** TASK BRIEF **
Having found the line containing "Stretchy enhancement ring" in the records below, copy that line and each later one exactly, dropping pictures.

** RECORDS TO USE follows **

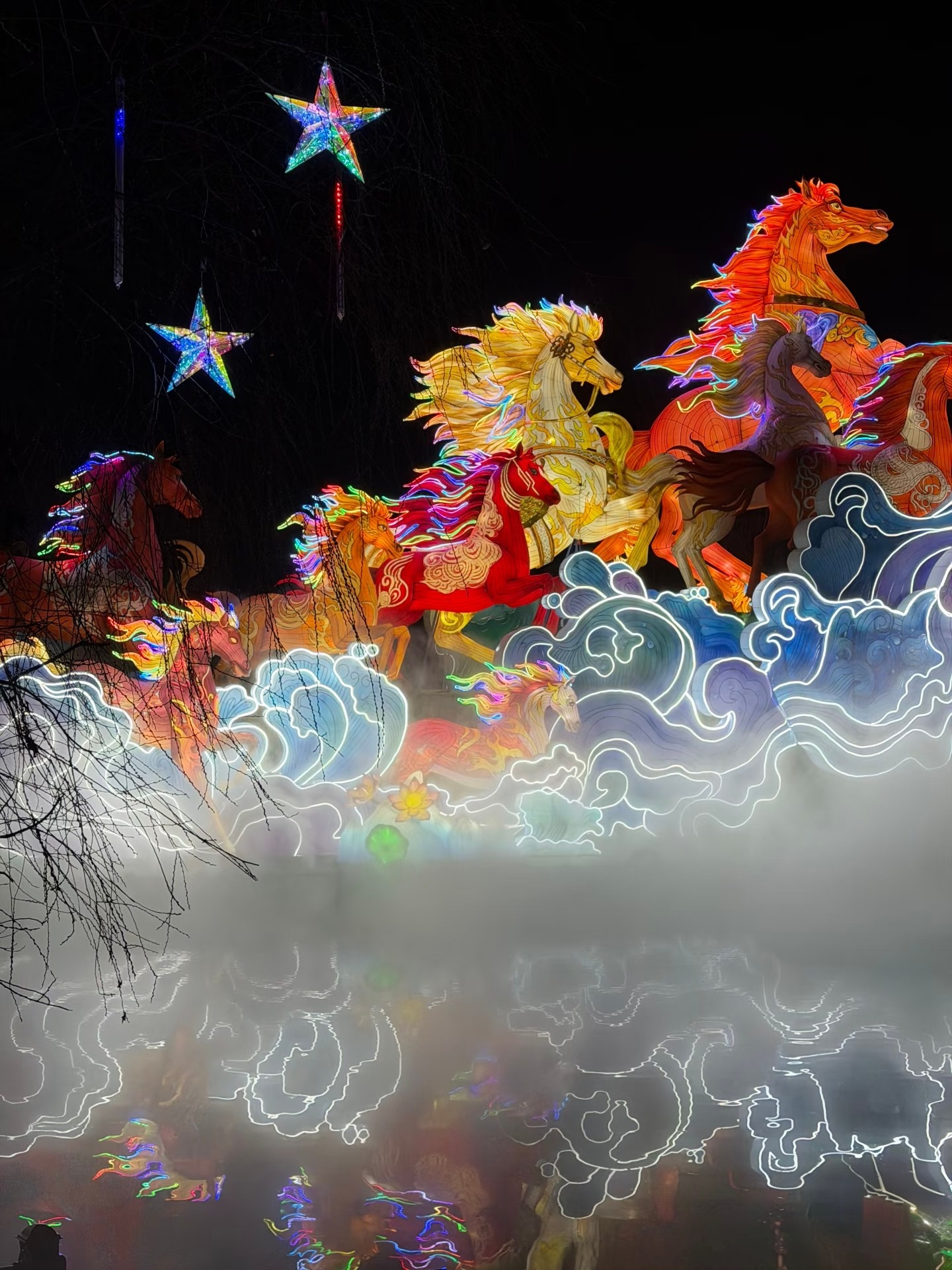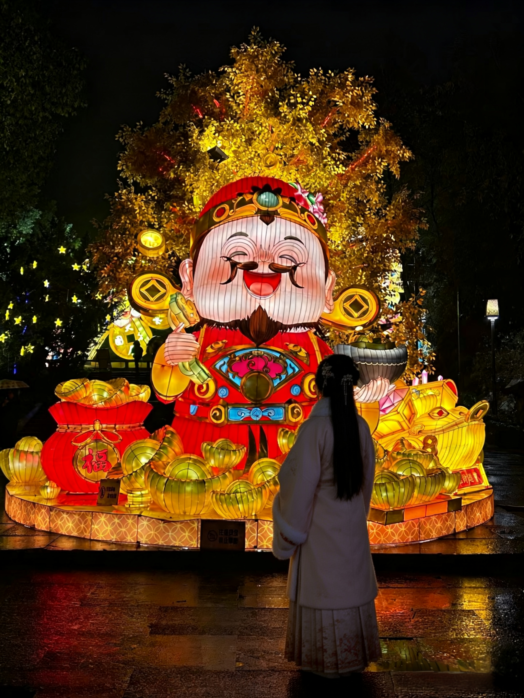 元宵将至,月将圆,赴一场新昌的灯火之约 车子停稳在接驳点的时候,天还没全黑。有人举着小旗子指引,说话带着新昌本地口音,软软的,像刚出锅的汤圆。上了免费接驳车,旁边坐着一家三口,孩子趴在窗户上数路灯,父母商量着待会儿先去哪个灯组打卡。忽然就觉得,这不就是过节的样子么——热热闹闹的,人挤着人,心挨着心。 刷证件免费入园的那一刻,我这个外乡人心里暖了一下。新昌的惠民政策说,在新昌交了社保,就被算作“自己人”了。这种被接纳的感觉,比省下的几十块钱更让人熨帖。 往里走,灯火渐渐亮起来。 最先撞进眼里的是那组“万马奔腾”。水雾从地面升起,灯做的骏马踏着云雾奔腾,气势磅礴得让人想后退两步,又忍不住往前凑。孩子们在底下钻来钻去,年轻的姑娘们举着手机找角度,大爷架着三脚架等风停。我站在那儿看了好久,忽然想起小时候外婆说的话:“正月十五的灯,是点给老天爷看的,求一年风调雨顺。”如今老天爷看不看不知道,但这一盏盏灯,确实把人心照亮了。 白云湖畔,《瑶池飞天》正要开始。 水面上搭了台,舞者衣袂飘飘,真的像从壁画里飞下来的。灯光打在水雾上,氤氲出一片仙境。有人小声说:“这不是敦煌么?”旁边的人接话:“比敦煌还近,就在眼前呢。”我忽然想起辛弃疾那首《青玉案·元夕》:“凤箫声动,玉壶光转,一夜鱼龙舞。”词里写的是南宋的元宵,可此时此刻,新昌的夜空下,那些词句忽然活了过来。千百年来,中国人对光的迷恋、对美的追逐,从未变过。 古戏台那边传来锣鼓声。挤进去一看,是皮影戏。 幕布上,小人儿腾挪跳跃,幕布后,老师傅的手指翻飞如蝶。旁边的小姑娘问妈妈:“这是什么呀?”妈妈说:“这是姥姥小时候看的动画片。”我站在那儿看了两出,忽然觉得眼眶有点热。这些老手艺,能传到今天,靠的就是这一代代人,在每一个元宵节,把它摆在灯火最亮的地方。 国风巡游的队伍过来了。有游客被拉去对诗,赢了得一张书签。我也凑热闹写了个福字,歪歪扭扭的。来自吉林的杨硕大哥举着刚赢的书签说:“边逛边玩,年味一下就活了!”他留在新昌过年,本以为会冷清,没想到在这灯火里找到了家的感觉。 走着走着,忽然懂了元宵节的意义。 它是全民同乐的狂欢:不论你是本地人还是外来务工的,不论你是老人还是孩子,这一夜,灯火为人人点亮,人人都在灯火里。 它更是传统文化的活态传承:那些花灯扎制的手艺,那些皮影戏的唱腔,那些汉服巡游的礼仪,都在这一夜,被看见、被记住、被传递。 夜深了,该回去了。 回头望,大佛寺的灯火依然亮着,像一座不夜城。活动要持续到3月20日,还有国风巡游、街头剧场、木偶秀等着来玩的人。我在心里默默许了个愿——愿这灯火,能照亮每一个赶路的人;愿每一个来新昌的人,都能在灯火里,找到属于自己的那份温暖。 借元宵提前祝大家节日快乐。愿这一年,日子如灯火般明亮,生活如汤圆般甜糯。若有缘,不妨来新昌走走,赴一场千年的灯火之约。#20同城#新昌大佛寺元宵灯会
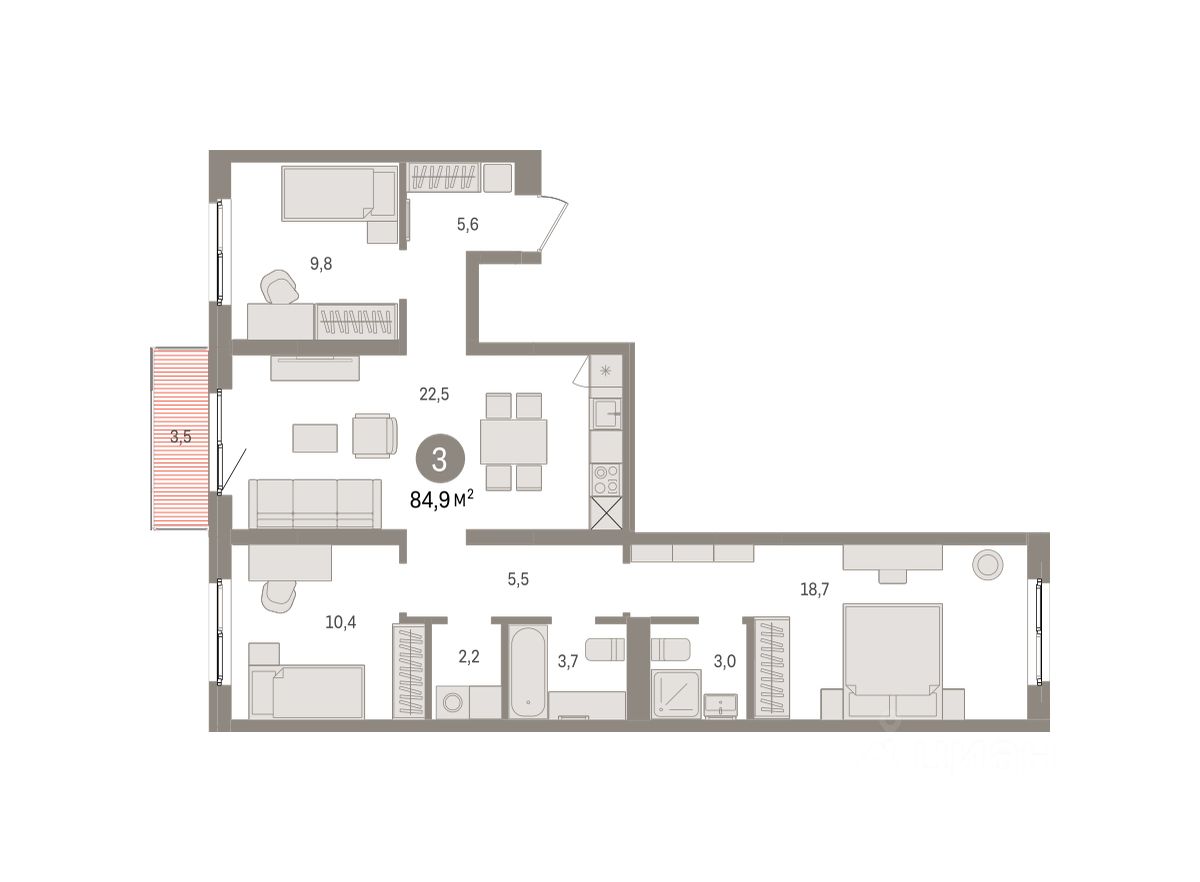 Квартира с кухней-гостиной и тремя спальнями в Южных кварталах. Особенности планировки: окна на две стороны, разнесённые спальни, предчистовая отделка, мастер-спальня, постирочная, балкон. квартиры в нашей базе: ЮКВ08-Ж4.4.6.
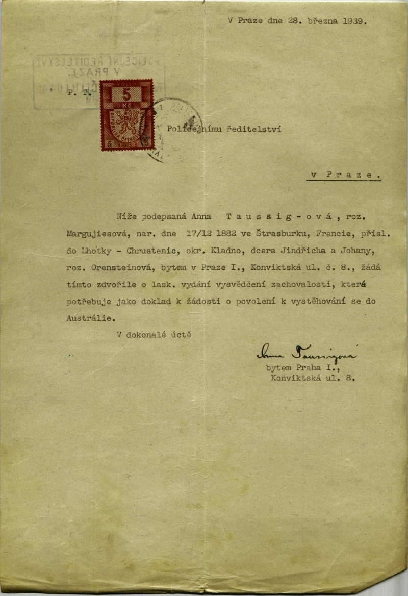 National archives Prague > Police Directorate Prague > 1931-1940 > T > Taussigová Anna
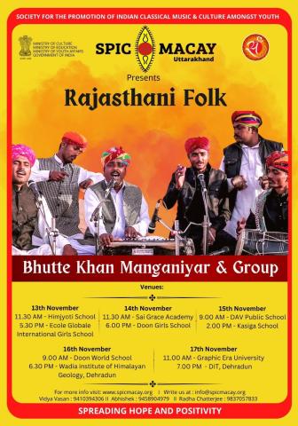 SPIC MACAY Uttarakhand Chapter Presents : Rajasthani Folk Feat. Bhutte Khan Manganiyar & Group
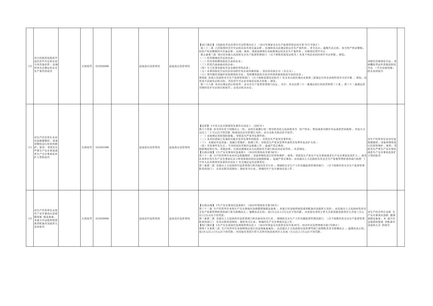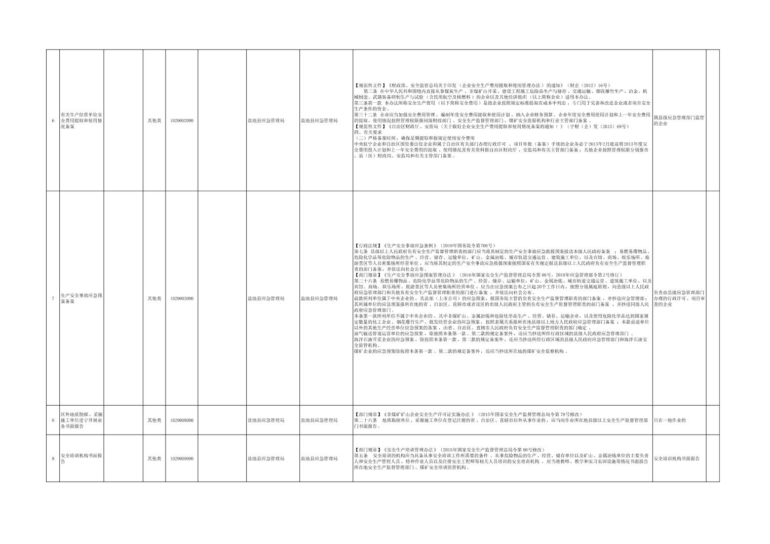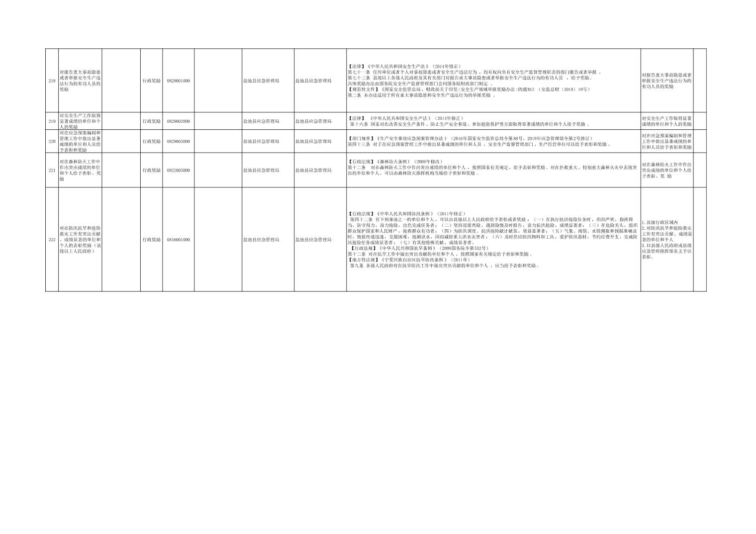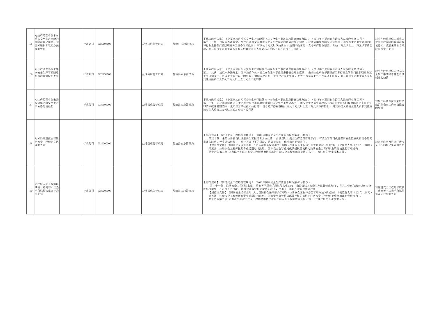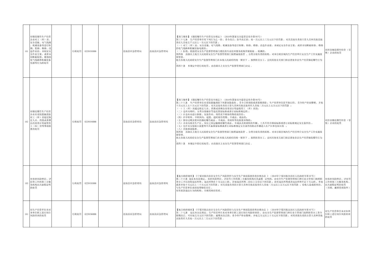 盐池县应急管理局权力清单
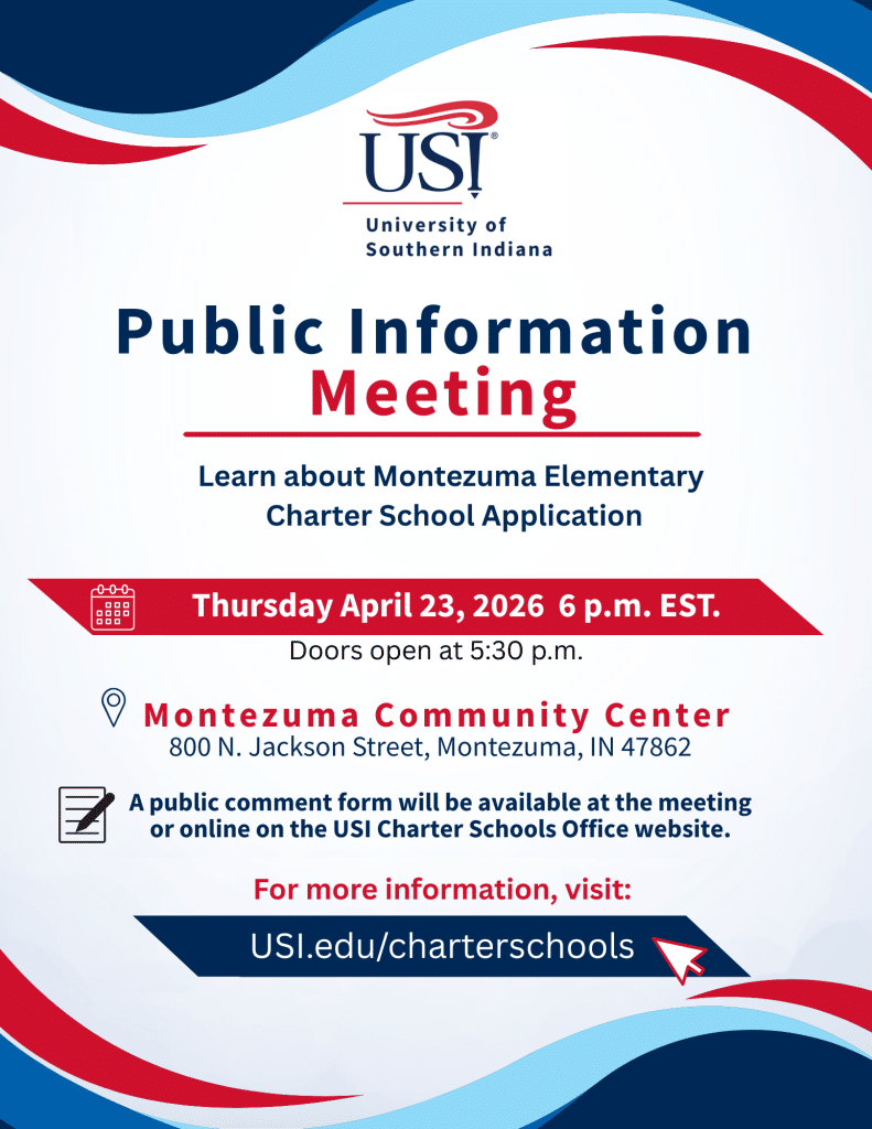 The University of Southern Indiana will host a public information meeting on Thursday, April 23 to discuss the application of a new elementary school option in Montezuma, IN.
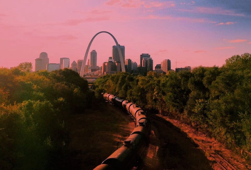 As I was sitting on the train enjoying a much-needed sandwich (I consumed no food during my time in the city), I was greeted with a nice sunset, and stunning view of the Gateway Arch as we crossed over a freight line on our way out of the city. 10/10 for a parting view, St. Louis. 10/10.
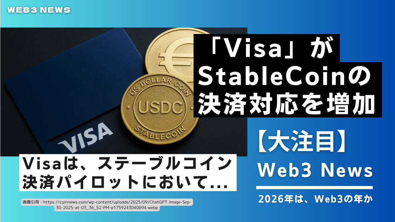 【Web3】「Visa」が、ステーブルコイン決済の対応チェーンを5つ増加
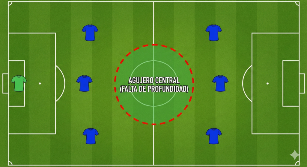 Al haber mucha distancia entre la línea defensiva y la ofensiva, se crea un «agujero» en el medio campo. El equipo rival puede aprovechar ese espacio.
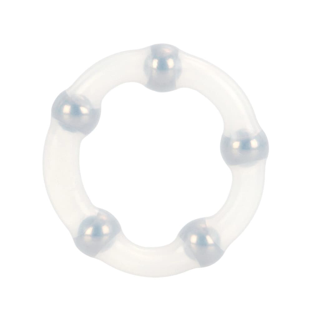 Stretchy enhancement ring with metal beads for stimulating tactile sensations. Realistic dildo not included
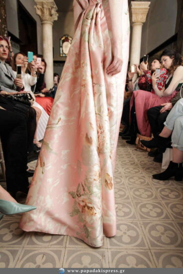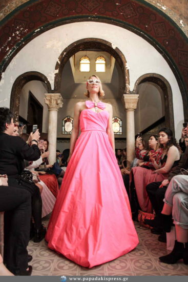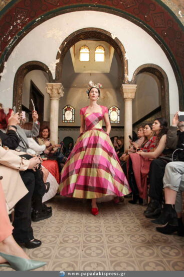 Σε ένα μοναδικό σκηνικό και με φόντο ένα εμβληματικό οίκημα της παλιάς Αθήνας, αυτή τη φορά ο σχεδιαστής μας προσκάλεσε σε ένα νοσταλγικό ταξίδι με πρωταγωνίστριες βασίλισσες, πριγκίπισσες και κυρίες των τιμών. Από την Ελισάβετ στην Άννα Μαρία, που ήταν η πιο νέα και η πιο όμορφη βασίλισσα της Ευρώπης την εποχή του γάμου της στις αρχές της δεκαετίας του ’60.

** End of RECORDS TO USE **

** ANSWER SECTION **
 Stretchy enhancement ring with metal beads for stimulating tactile sensations. Realistic dildo not included
 Σε ένα μοναδικό σκηνικό και με φόντο ένα εμβληματικό οίκημα της παλιάς Αθήνας, αυτή τη φορά ο σχεδιαστής μας προσκάλεσε σε ένα νοσταλγικό ταξίδι με πρωταγωνίστριες βασίλισσες, πριγκίπισσες και κυρίες των τιμών. Από την Ελισάβετ στην Άννα Μαρία, που ήταν η πιο νέα και η πιο όμορφη βασίλισσα της Ευρώπης την εποχή του γάμου της στις αρχές της δεκαετίας του ’60.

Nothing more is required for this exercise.